- **Task goal**: Which lines belong in your copy? Those from the start of the data through the line with "近日,由教育部高等学校软件工", exactly as written, without any pictures.

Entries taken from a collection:

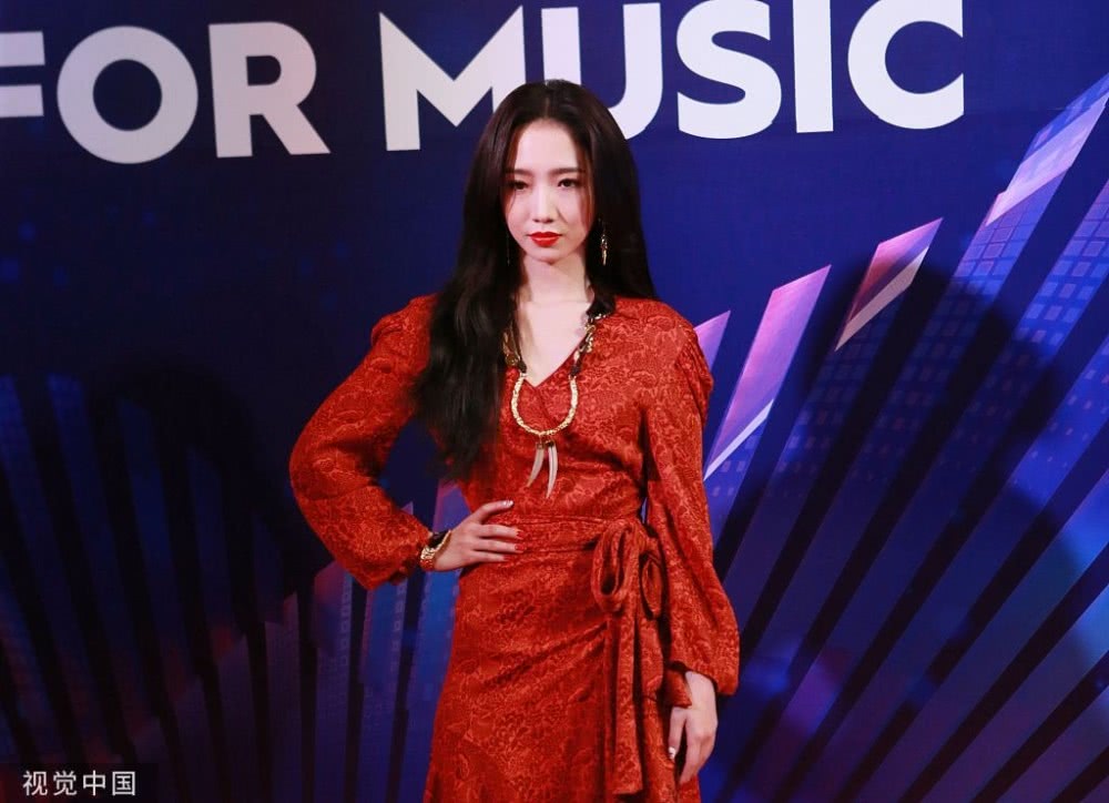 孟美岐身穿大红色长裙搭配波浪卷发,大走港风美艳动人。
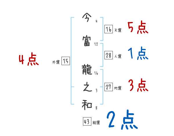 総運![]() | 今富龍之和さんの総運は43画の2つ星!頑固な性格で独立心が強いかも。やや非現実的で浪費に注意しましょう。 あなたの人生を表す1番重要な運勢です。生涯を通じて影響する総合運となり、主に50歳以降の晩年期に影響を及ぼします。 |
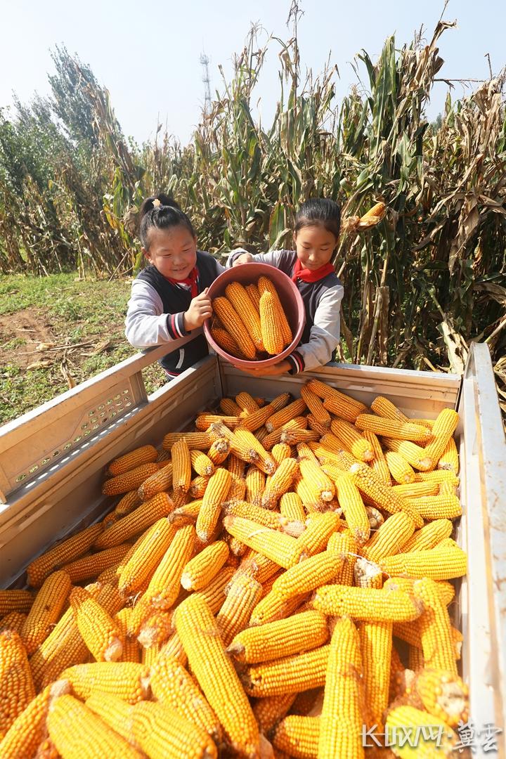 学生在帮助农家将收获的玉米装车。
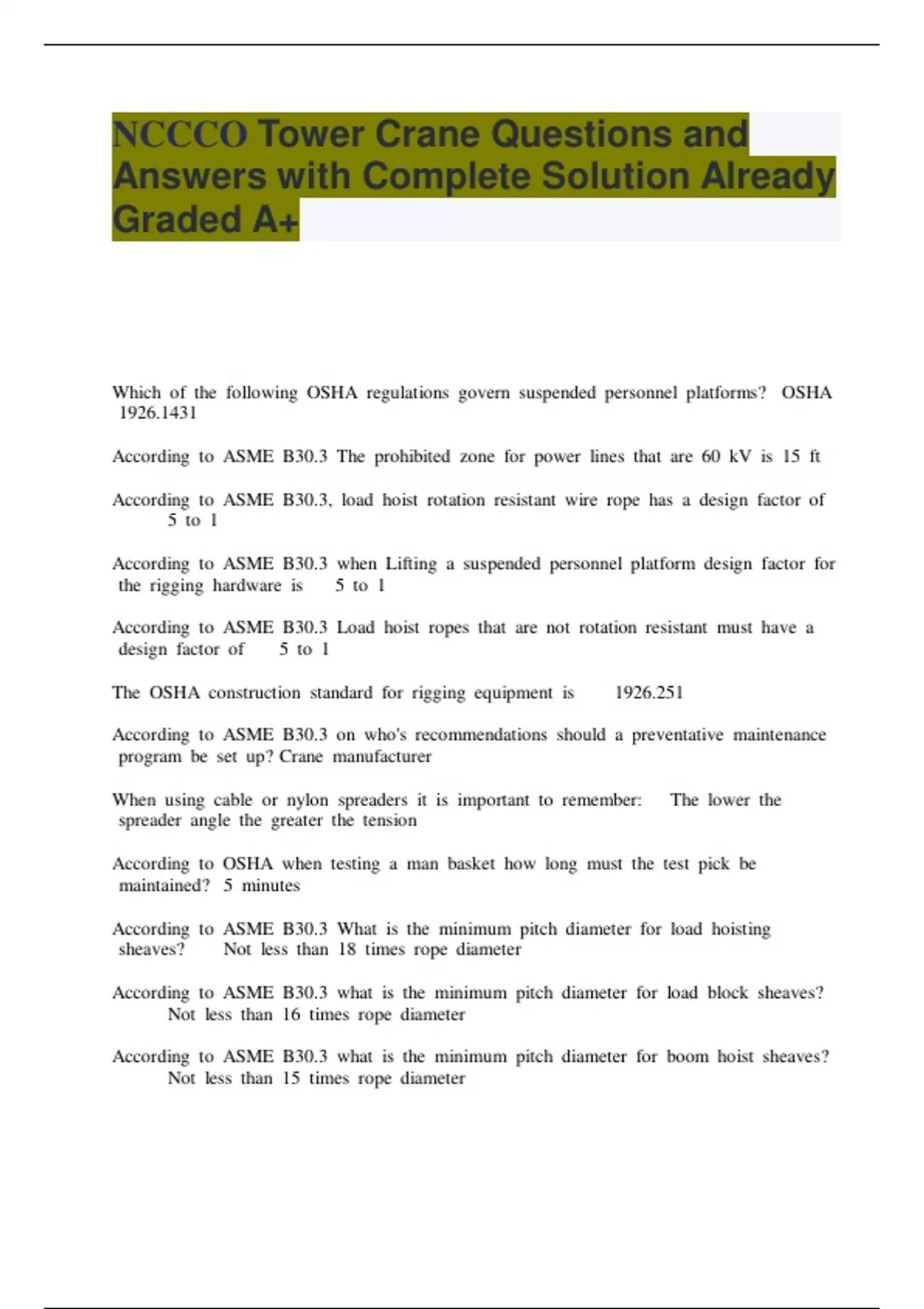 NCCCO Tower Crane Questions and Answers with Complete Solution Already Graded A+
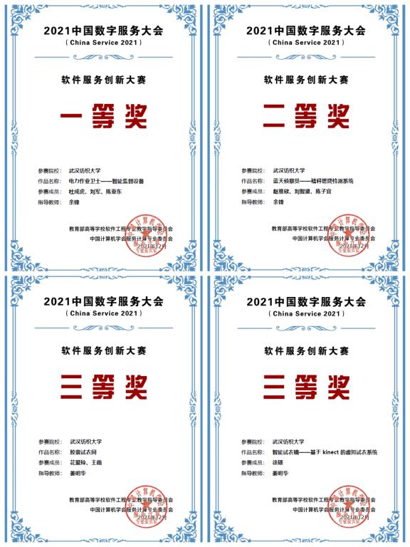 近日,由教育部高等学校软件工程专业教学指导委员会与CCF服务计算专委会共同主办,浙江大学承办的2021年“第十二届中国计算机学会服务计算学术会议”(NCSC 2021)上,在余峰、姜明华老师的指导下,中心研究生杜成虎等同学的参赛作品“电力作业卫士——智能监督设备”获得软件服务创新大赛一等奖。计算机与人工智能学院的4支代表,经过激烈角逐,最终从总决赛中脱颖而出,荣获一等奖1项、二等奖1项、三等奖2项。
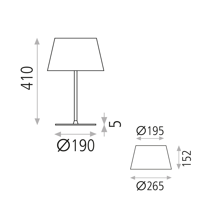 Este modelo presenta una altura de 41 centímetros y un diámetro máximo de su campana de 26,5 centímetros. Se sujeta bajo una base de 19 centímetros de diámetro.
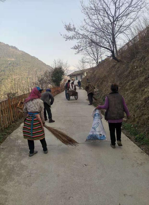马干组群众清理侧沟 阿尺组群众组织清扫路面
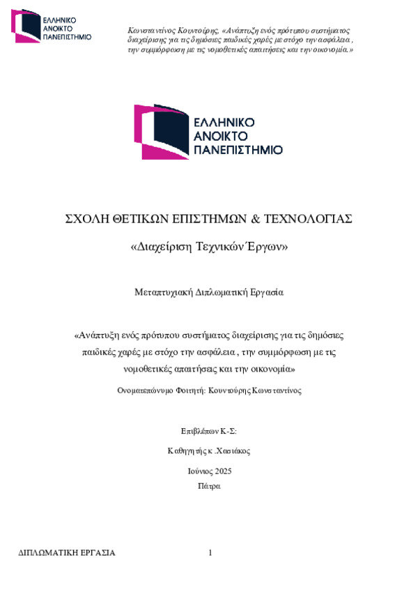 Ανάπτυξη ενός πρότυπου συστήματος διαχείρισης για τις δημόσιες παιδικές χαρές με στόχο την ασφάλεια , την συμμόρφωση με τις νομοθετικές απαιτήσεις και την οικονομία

- **Result**:
 孟美岐身穿大红色长裙搭配波浪卷发,大走港风美艳动人。
 総運![]() | 今富龍之和さんの総運は43画の2つ星!頑固な性格で独立心が強いかも。やや非現実的で浪費に注意しましょう。 あなたの人生を表す1番重要な運勢です。生涯を通じて影響する総合運となり、主に50歳以降の晩年期に影響を及ぼします。 |
 学生在帮助农家将收获的玉米装车。
 NCCCO Tower Crane Questions and Answers with Complete Solution Already Graded A+
 近日,由教育部高等学校软件工程专业教学指导委员会与CCF服务计算专委会共同主办,浙江大学承办的2021年“第十二届中国计算机学会服务计算学术会议”(NCSC 2021)上,在余峰、姜明华老师的指导下,中心研究生杜成虎等同学的参赛作品“电力作业卫士——智能监督设备”获得软件服务创新大赛一等奖。计算机与人工智能学院的4支代表,经过激烈角逐,最终从总决赛中脱颖而出,荣获一等奖1项、二等奖1项、三等奖2项。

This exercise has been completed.